Zipol

La verdad no tenía ganas de ir con la bandita a la playa de Nexpa, además sentía esta energía entre Juan Carlos, El Ernest, Daniela, que me revolvía la panza.

Necesitaba estar solo, pensar en lo que había visto, la imagen no se me quitaba de la cabeza día y noche, sentía que había muchas cosas que no entendía y comenzaba a confundirme. Estaba desorientado, como si tuviera una resaca emocional. Tú me entiendes. Así que le pedí a Daniela si me podía llevar de favor a la central de autobuses. Tomé el primer autobús al DF, luego a Oaxaca, y de ahí viaje todo al anoche hacia Pochula. Creo que dormí todo el camino, lo necesitaba.
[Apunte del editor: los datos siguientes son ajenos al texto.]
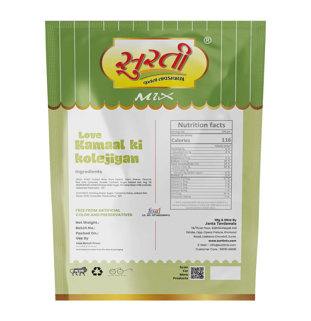 Surtimix Small Kolejiyan Bhel Puri is a delicious mix of crispy puffed rice, zesty chutneys, and bold spices —all without onion or garlic! Perfectly crafted for a flavorful, crunchy experience, it brings you the true taste of Indian street food. Just mix and enjoy!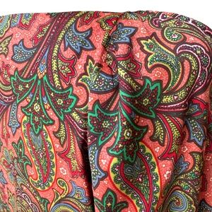 The Loft NWT Women's Medium Multicolor Patterned Long Sleeve Blouse is a vibrant and stylish addition to any wardrobe. This blouse features an intricate pattern in shades of green, blue, and red set against a stunning orange background, making it a standout piece. The fabric has a satiny and silky feel, offering a touch of luxury and ensuring all-day comfort.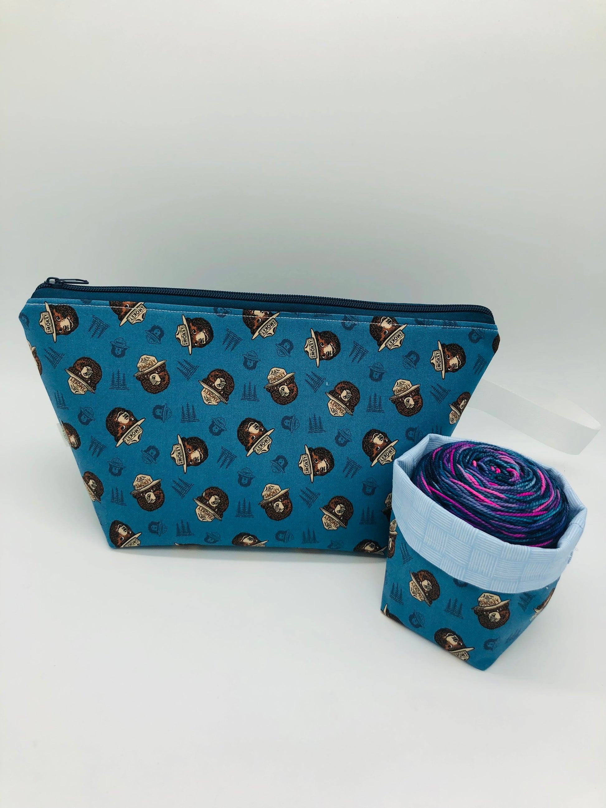 Blue Smokey Faces Knitting Crochet Zipper Style Project Bag + 100g Yarn Cozy| Shortie Sock Size

Cuando llegué, me recomendaron tomar una camioneta para llegar a Zipolite.  ¡Wey, que pinche lugar tan más chingón¡ 

Me instalé en de las tantas palapas que estaban en la playa y les renté una hamaca. Digamos que si tienen un poco de varo, puedes rentar una habitación, luego hay palapas solas, y también cuartos y camas en el hostal que está al borde de la playa. Pero yo alquilé una hamaca por veinte pesos, puse en ella mi sleeping y le encargué mi mochila a la señora de la Palapa. Y creo que escogí bien, porque la doña hacia las mejores tortas de la playa, y costaban 10 pesos. ¡Wey¡ 10 pesos, y la caguama 5 pesos. ¿Te imaginas? ¡El paraíso¡

Conocía a un grupo de amigos que veían del DF, eran unos tres años más jóvenes que yo, pero hicimos buen contacto. Ello me decían, Roy, hoy hay algo en el Hostal en la noche. Roy mañana es el rave en la playa La Conchita.

También me dijeron que iban a pasar año nuevo en Punta Cometa en la playa de Mazunte en dónde habría un ritual de purificación para el año nuevo y me lancé con ellos.